1.2 The headings in this Agreement are inserted for convenience and ease of
reference only, and shall not affect the construction or interpretation of this
Agreement.
1.3 All words in this Agreement importing the singular number include the
plural, and vice versa. All words importing gender include the masculine,
feminine and neuter genders.
1.4 All monetary amounts are in Canadian dollars.
ARTICLE II
EMPLOYMENT OF EMPLOYEE
2.1 The Corporation agrees to employ the Employee as the Manager of Operation
for the Wireless Division of the Corporation, and the Employee agrees to accept
such employment, all in accordance with the terms and conditions of this
Agreement.
2.2 The parties hereto agree that the relationship between the Corporation and
the Employee is that of employer and employee.
ARTICLE III
TERM OF AGREEMENT
3.1 The Term of this Agreement shall be for an indefinite period from the
Effective Date, unless earlier terminated by the Corporation or the Employee
pursuant to the terms and conditions of this Agreement.
ARTICLE IV
DUTIES OF EMPLOYEE
4.1 The Employee shall, during the Term of this Agreement:
(a) perform the duties and responsibilities of the Manager of
Operations of the Wireless Division of the Corporation, as set forth
under the heading "Duties of Position" in Schedule A attached hereto;
(b) devote the whole of his or her working time, attention, efforts
and skill to the performance of his or her employment duties and
responsibilities as set out herein, and truly and faithfully serve the
best interests of the Corporation at all times. In particular, and
without limiting the generality of the foregoing, the Employee shall
not engage in any personal activities or any employment, consulting
work, trade or other business activity on his or her own account or on
behalf of any other Person which may compete, conflict or interfere
with the performance of the Employee's duties hereunder in any way. It
shall not be a violation of this Article 4.1(b) for the Employee to
engage in a voluntary activity or other public service which does not
interfere with the Employee's duties under this Agreement; and
ARTICLE V
REMUNERATION
5.1 During the term of this Agreement, subject to being amended up words as
hereinafter provided, the Corporation shall pay to the Employee a salary of
$86,400 per annum (the "Base Salary") being in the Base Salary of Employee
stipulated in Schedule "A" under the heading "Base Salary" as of the effective
date of this Agreement, less required statutory deductions, payable in equal
semi-monthly installments in such a manner as the parties may mutually agree.
The Employee's Base Salary will be reviewed annually by the Board of Directors
of the Corporation, and may be increased at the sole discretion of the Board of
Directors, based upon such factors as the Board of Directors in its sole
discretion determines are relevant, which factors may include the performance of
the Corporation and the Employee compensation arrangements of other corporations
of a similar size engaged in a similar Business to that of the Corporation in
Canada.
5.2 The Employee may also be granted a performance bonus from time to time on
terms and conditions, and in an amount to be determined by the Board of
Directors of the Corporation, in its sole discretion, based upon such factors
set forth in the bonus plan set out and heading "Performance Incentive Bonus
Plan" in Schedule "B" attached hereto (the "Bonus Plan"), which factors may
include the Employee's performance under the terms of this Agreement and the
performance of the Corporation.
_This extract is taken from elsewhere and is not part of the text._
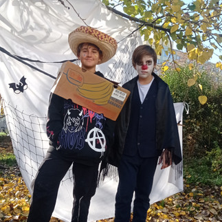 Letos jsme se rozhodli oslavit Halloween nejen v hodinách angličtiny, ale i společně. Uspořádali jsme celoškolní zahradní párty o velké přestávce. Osmáci ráno pomohli připravit strašidelnou výzdobu. Děti donesly různé tematické občerstvení, dostaly samolepky dýní a příšer, tančily na Halloweenské písně, hrály si na mumie a vytvořily dlouhatánský řetěz masek přes celou zahradu. Spoustu legrace jsme si užili ve fotokoutku, o který se staraly holky z osmičky. Všem to (hrůzo)strašně slušelo!

Subject to the foregoing terms, the Board of
Directors shall exercise its discretion reasonably.
5.3 The Corporation shall reimburse the Employee for all reasonable
out-of-pocket expenses incurred in the performance of his or her employment
duties under this Agreement, including, without limiting the generality of the
foregoing, all travel and promotional expenses payable or incurred by the
Employee in connection with the performance of his or her employment duties. All
payments or reimbursements of expenses shall be subject to the submission by the
Employee of appropriate vouchers, bills and receipts.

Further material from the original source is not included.